RU2077489C1 - Water cleaning device - Google Patents

Abstract

FIELD: cleaning of liquids, drinking water in particular. SUBSTANCE: proposed device has housing with cover, inlet and outlet branch pipes, thin-walled perforated reservoir filled with sorbent and filter element which is located coaxially inside housing. Reservoir is made in form of sleeve with perforated bottom and lower portion of side wall; ratio of height of perforated portion of side wall to height of sleeve is equal to 1:3-5; ratio of height of layer of sorbent to height of sleeve is equal to 1:1.05 - 1.15. EFFECT: reduction of resistance to flow by 25 to 35 percent; increase of service life by 1.3 to times at reduction of consumption of sorbents by 5 to 15 percent; self-cleaning and regeneration of filter without disconnecting it from line. 3 dwg

Description

 The invention relates to the field of production of means for cleaning liquids, in particular drinking water, and can be used to obtain clean drinking water in a domestic environment.
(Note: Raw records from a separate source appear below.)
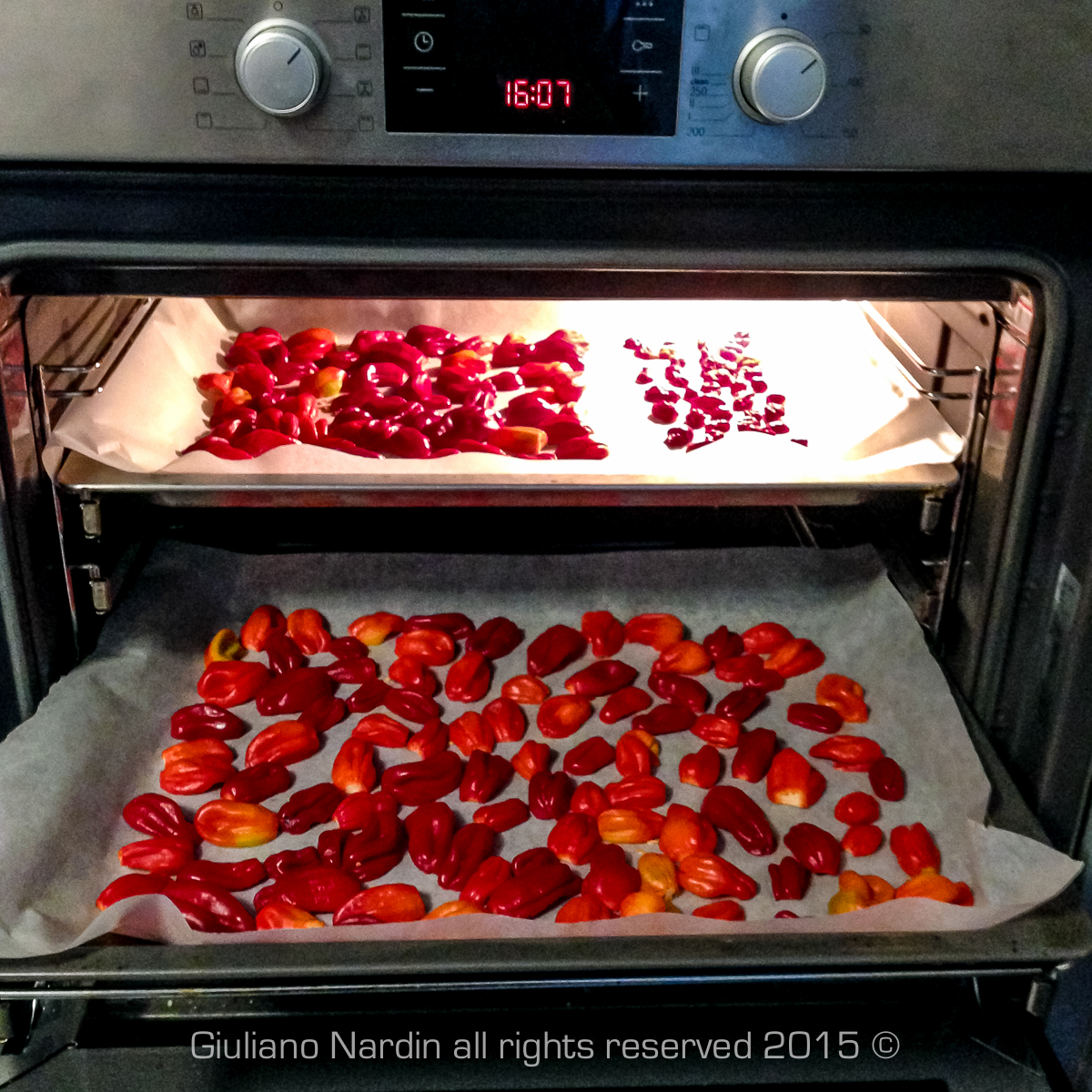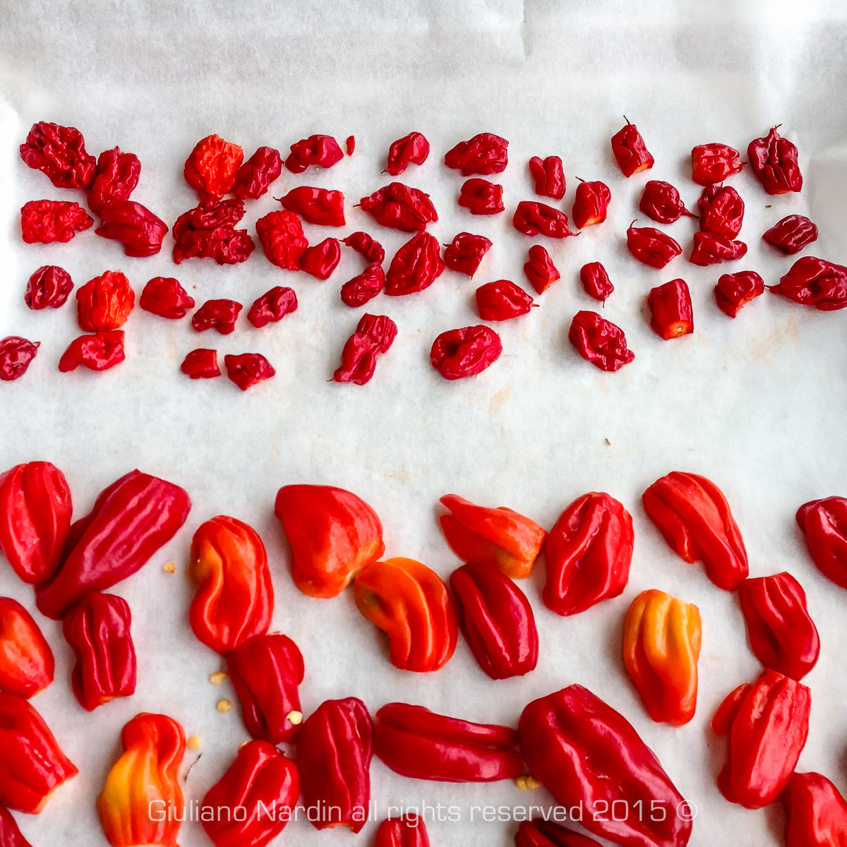 Riposti sulla carta forno, parte superiore, sotto ci sono degli Habanero Red.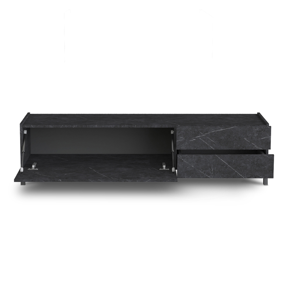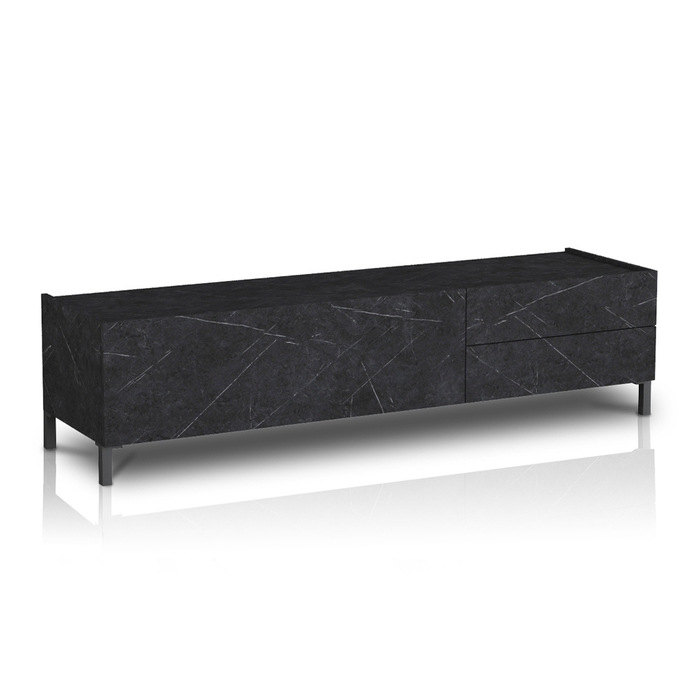 1 folding door, 2 drawers and adjustable feet . Thanks to its finishes, this piece of furniture is perfect for completing the furnishings of any living room and lounge. It offers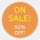 Redonda "¡A LA VENTA! ¡50% APAGADO!" Pegatina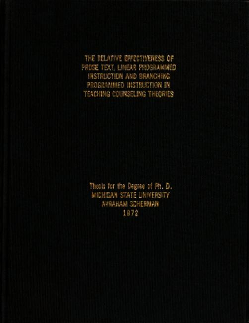 The effectiveness of prose text, linear programmed instruction and branching programmed instruction in teaching counseling theories

A device for cleaning tap water used for drinking, containing a housing with a lid, inlet and outlet nozzles, a filter element [1]
A disadvantage of the known device is the inability to regenerate the filter without disassembling the product, which significantly reduces the resource of its work and makes it inconvenient to operate.
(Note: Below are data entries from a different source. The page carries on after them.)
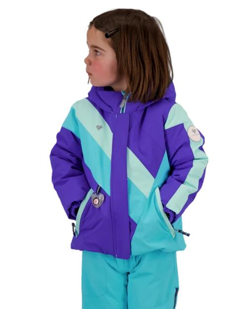 The Lissa jacket reflects a dynamic shout-out to adventurous design and color that echoes a kid’s limitless energy. Super durable fabric, removable hood, “I-Grow”™ Extended Wear System, reflective details for safe visibility, fleece-lined touch points, and an integrated powder skirt merge into an incomparable governess. Available in sporty color blocking and stripes and fashion-forward prints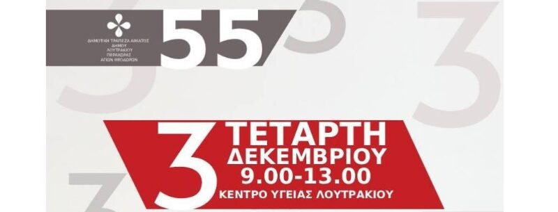 Την Τετάρτη 3 Δεκεμβρίου 2025, από τις 09:00 το πρωί έως τις 13:00 το μεσημέρι, θα πραγματοποιηθεί η 55η Εθελοντική Αιμοδοσία της Δημοτικής Τράπεζας Αίματος του Δήμου Λουτρακίου – Περαχώρας – Αγίων Θεοδώρων. Η δράση θα γίνει στο Κέντρο Υγείας Λουτρακίου, έναν χώρο κατάλληλο και πλήρως εξοπλισμένο για την ασφαλή διεξαγωγή της διαδικασίας.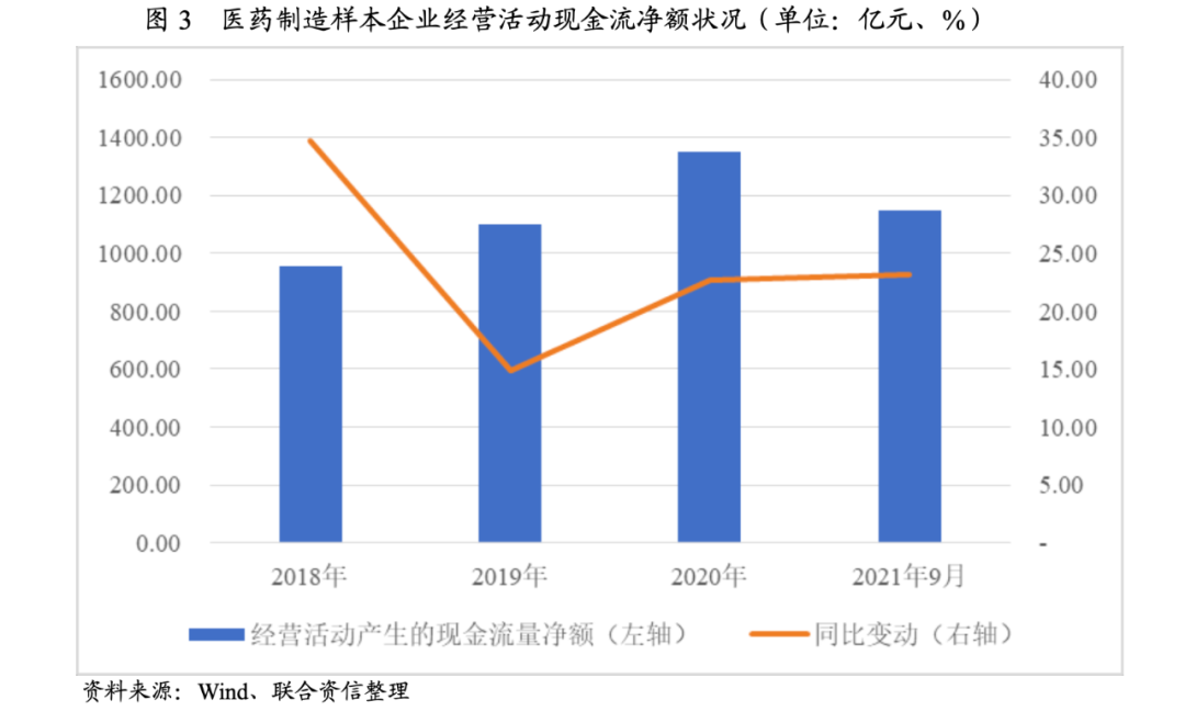 獲現能力方面,2021年1-9月,醫藥制造樣本企業經營活動產生的現金流量凈額為1149.54億元,較上年同期增長23.20%,延續了2018年以來現金流持續優化的行業發展趨勢。

Closest to the proposed technical essence and the achieved result is a device for treating drinking water, comprising a housing with a cover, an inlet and an outlet, a thin-walled perforated container with a sorbent and a filter element located coaxially with the inside of the housing [2]
The disadvantage of this device is the high resistance exerted by the filter to the flow of water during its operation, especially when treating water contaminated with mechanical impurities, and, as a result, a relatively low service life. At the same time, during the operation, the sorbent is densified when it is wetted with water (its volume is reduced, so that the side wall is exposed) and, therefore, given that the perforation is performed along the entire length of the side wall of the container containing the bulk sorbent and filter element, and the height the latter is equal to the height of the perforated wall of the tank, there is a "breakthrough" of untreated water in the outlet pipe, i.e. water quality deterioration is observed.

 The aim of the invention is to improve the quality of water treatment, increase the service life while reducing the resistance to water flow, as well as providing the possibility of self-cleaning and regeneration of the device.
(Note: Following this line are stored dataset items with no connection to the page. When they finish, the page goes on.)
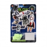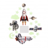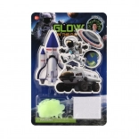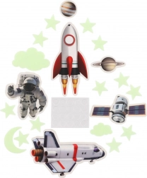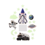 Transformă camera copilului într-o mică galaxie! Setul include stele, planete și alte motive spațiale luminoase, care, după expunere la lumină, strălucesc în întuneric și creează o atmosferă magică. Ideal pentru micii exploratori, ajută la relaxare înainte de somn și face spațiul mai primitor.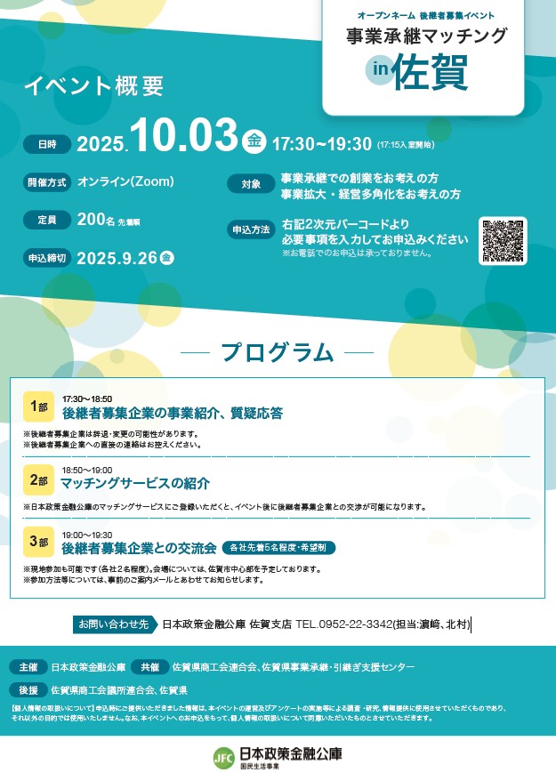 日本政策金融公庫佐賀支店では、オープンネームでの後継者募集イベントが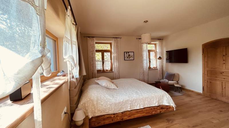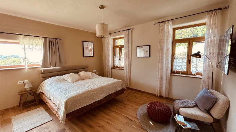 Es ist mit seinen großzügigen 52m² das größte der drei Gästezimmer. Sie schlafen in einem gemütlichen Bett, das aus alten Dachbalken gefertigt wurde und somit einzigartig ist.

 This goal is achieved in that in a water purification device comprising a housing with a cover, an inlet and an outlet, a thin-walled perforated container with a sorbent and a filter element located coaxially with the inside of the container, the container is made in the form of a glass with a perforated bottom and lower side walls so that the height of the perforated part of the side wall refers to the height of the glass as 1: 3 5, while the height of the layer of sorbent filling the glass refers to the height of the glass as 1: 1.05 1.15.

 The difference between the proposed device and the known one is that a thin-walled perforated container with a sorbent and a filter element is made in the form of a glass with a perforated bottom and a lower part of the side wall so that the height of the perforated part of the side wall refers to the height of the glass as 1: 3 5, while the height of the layer of sorbent filling the glass refers to the height of the glass as 1: 1.05 1.15.

 The use of such a container in the form of a glass with a perforated bottom and lower part of the side wall in water treatment devices is not known to the authors of the scientific and technical literature. The use of these features in the proposed device allows to achieve high quality of the water to be treated with little resistance to its flow, to increase the life of the device, as well as to ensure the possibility of self-cleaning and regeneration, uniform working out of the charge in height, which becomes possible due to perforation on the tank and filling the cup with sorbent in accordance with the proposed relations.

 Figure 1 shows a General view of the device; figure 2 and 3 graphs of test results.

 The proposed device includes a housing 1 with a cover 2, on which the input 3 and output 4 nozzles are located. Inside the housing there is a thin-walled perforated container 5 filled with sorbent 6, and a filter element 7.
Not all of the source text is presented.